◆ **Records from a data collection**

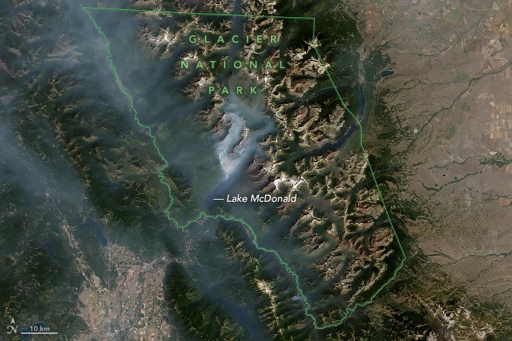 On August 15, the Operational Land Imager (OLI) on Landsat 8 passed over Glacier National Park and acquired the natural-color image above. Several fires are emitting plumes of smoke on the northwestern edge of Lake McDonald. The topography of the park caused the thickest smoke to be found at lower elevations, as the mountains block wind that would otherwise disperse it. A number of fires to the west have lofted large, wide-reaching plumes across the Western U.S. and Canada.
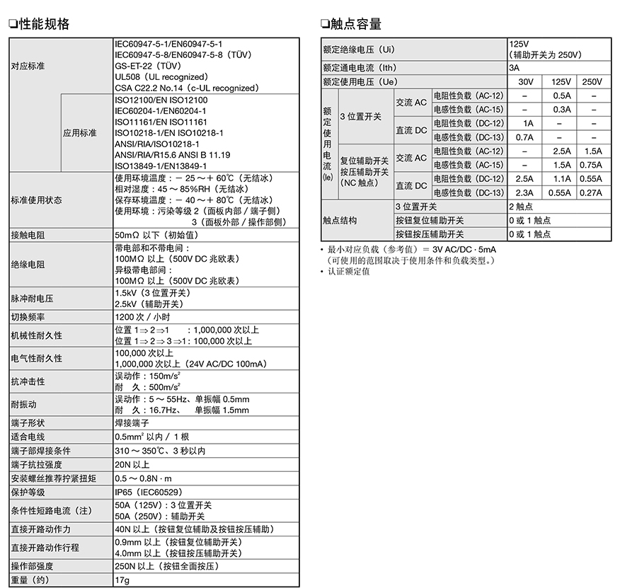 216795/HE6B-M200*/HE6B辅助触点的3位置使能开关
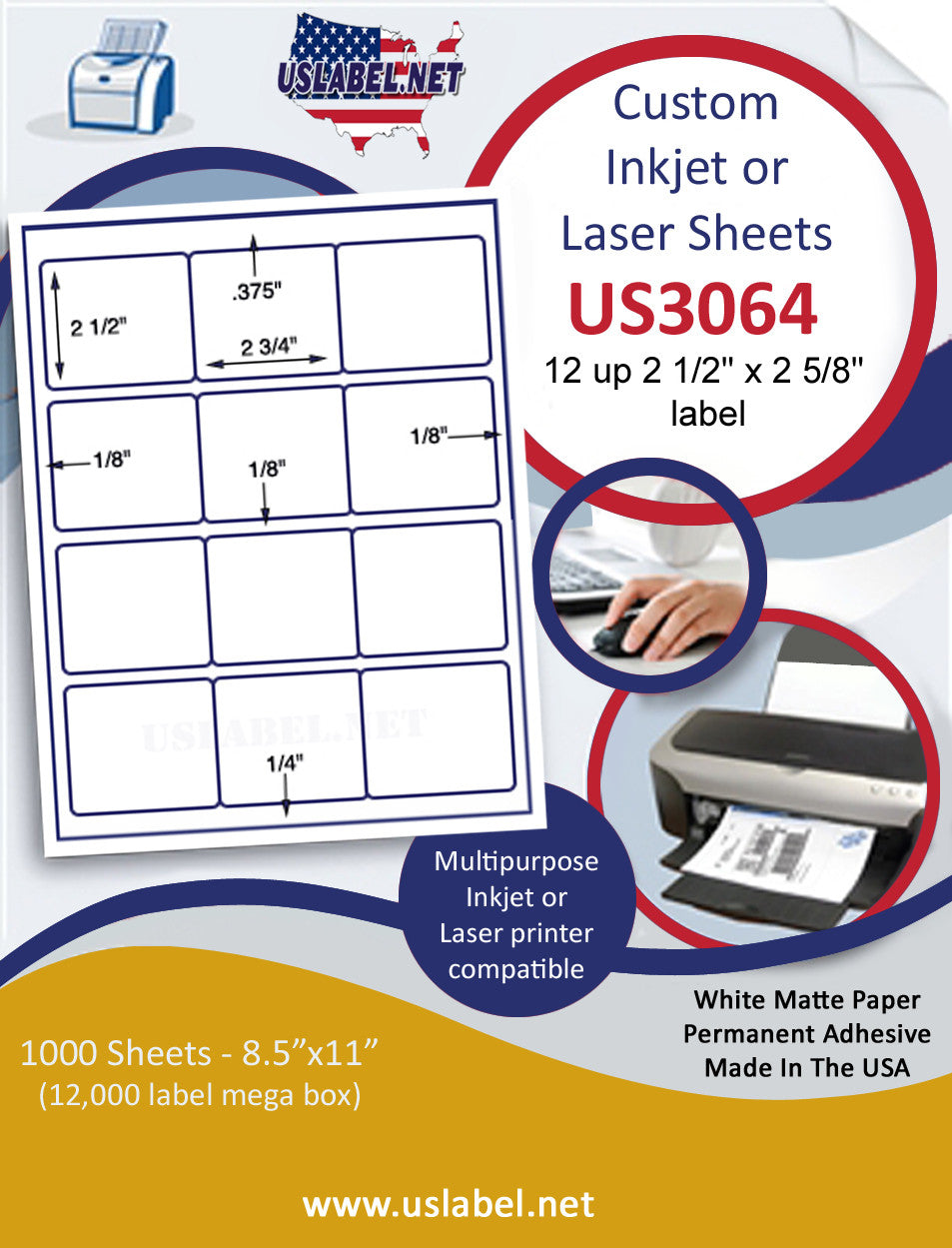 This is a 12 up 2 1/2" x 2 5/8"label on a 8 1/2" x 11" inkjet or laser sheet.1,000 sheet box = 12,000 Labels. Now available in more than 39 different label stocks. Make your selection under the Label & Adhesive Options.US3064-2 3/4''x2 1/2''-12 up on a 8 1/2" x 11" label sheet.
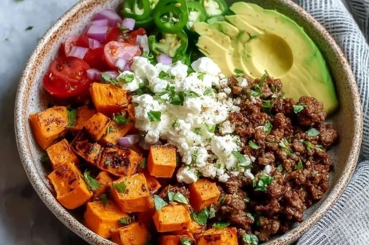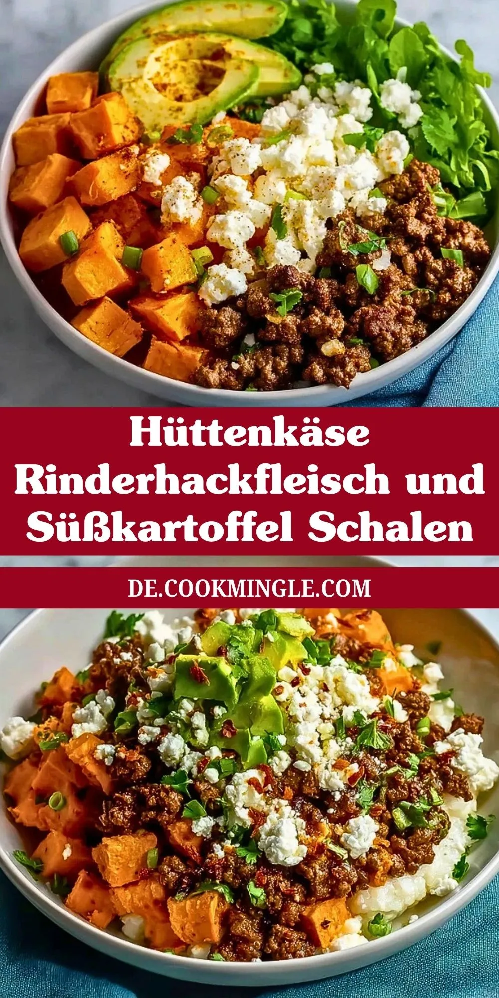 Diese Hüttenkäse-Rinderhackfleisch-und-Süßkartoffel-Schalen sind eine herzhafte, proteinreiche Bowl mit gerösteten Süßkartoffelwürfeln, würzigem Rinderhack, cremigem Hüttenkäse, frischer Avocado und knackigem Gemüse – perfekt für ein ausgewogenes Mittag- oder Abendessen und ideal zum Meal Prep.
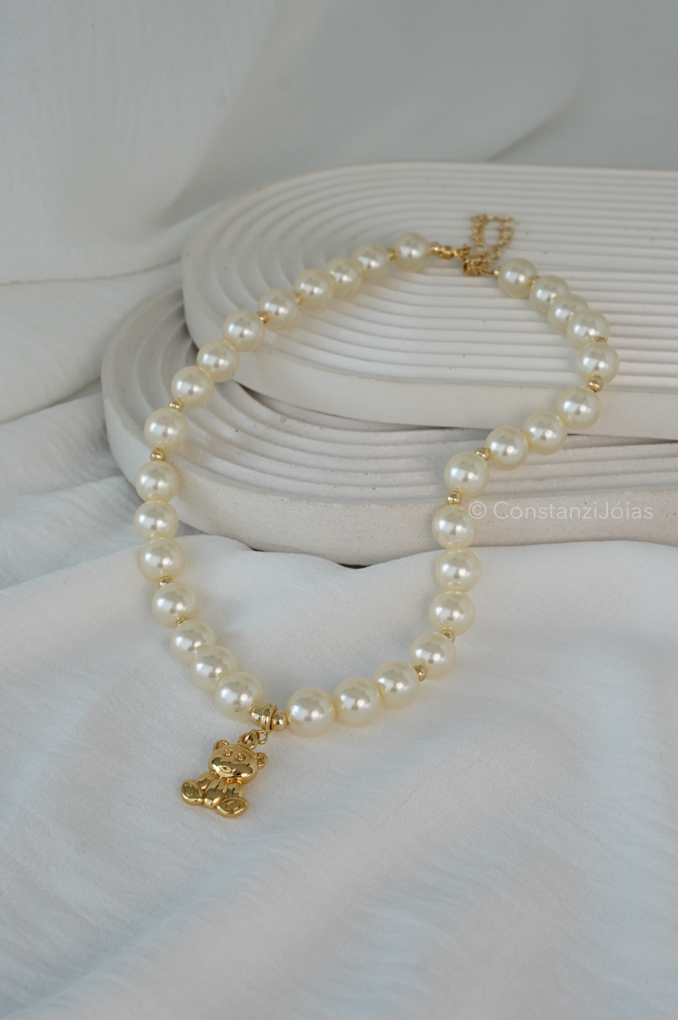 O Colar de Pérolas Teddy traz delicadeza e um toque lúdico em um design encantador e sofisticado. Composto por pérolas clássicas intercaladas com pequenas esferas douradas, ele ganha destaque com um pingente de ursinho (teddy) na cor dourada, adicionando personalidade e charme à peça.
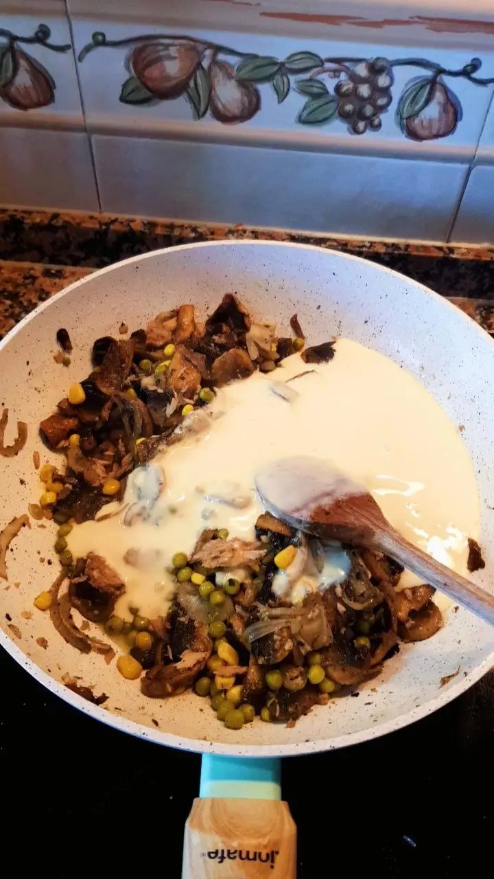 Adicionar o atum e os restantes legumes (ervilhas, milho). Se quiserem adicionar outros legumes, podem fazê-lo.
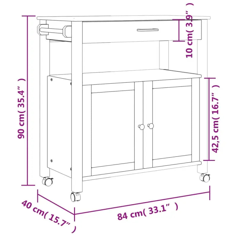 Keukentrolley van massief grenenhout met vintage uitstraling
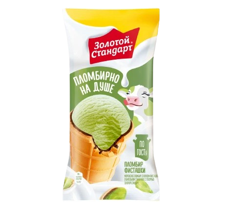 Мороженое Золотой Стандарт Фисташка — это ароматный фисташковый пломбир в хрустящем вафельном стаканчике. Нежный ореховый вкус и сливочная текстура.

◆ **ACTIVITY**
The lines to retype begin with the one containing "Keukentrolley van massief" and end with the last line of the records. Reproduce them exactly and omit the pictures.

◆ **ANSWER TO THIS TASK**
 Keukentrolley van massief grenenhout met vintage uitstraling
 Мороженое Золотой Стандарт Фисташка — это ароматный фисташковый пломбир в хрустящем вафельном стаканчике. Нежный ореховый вкус и сливочная текстура.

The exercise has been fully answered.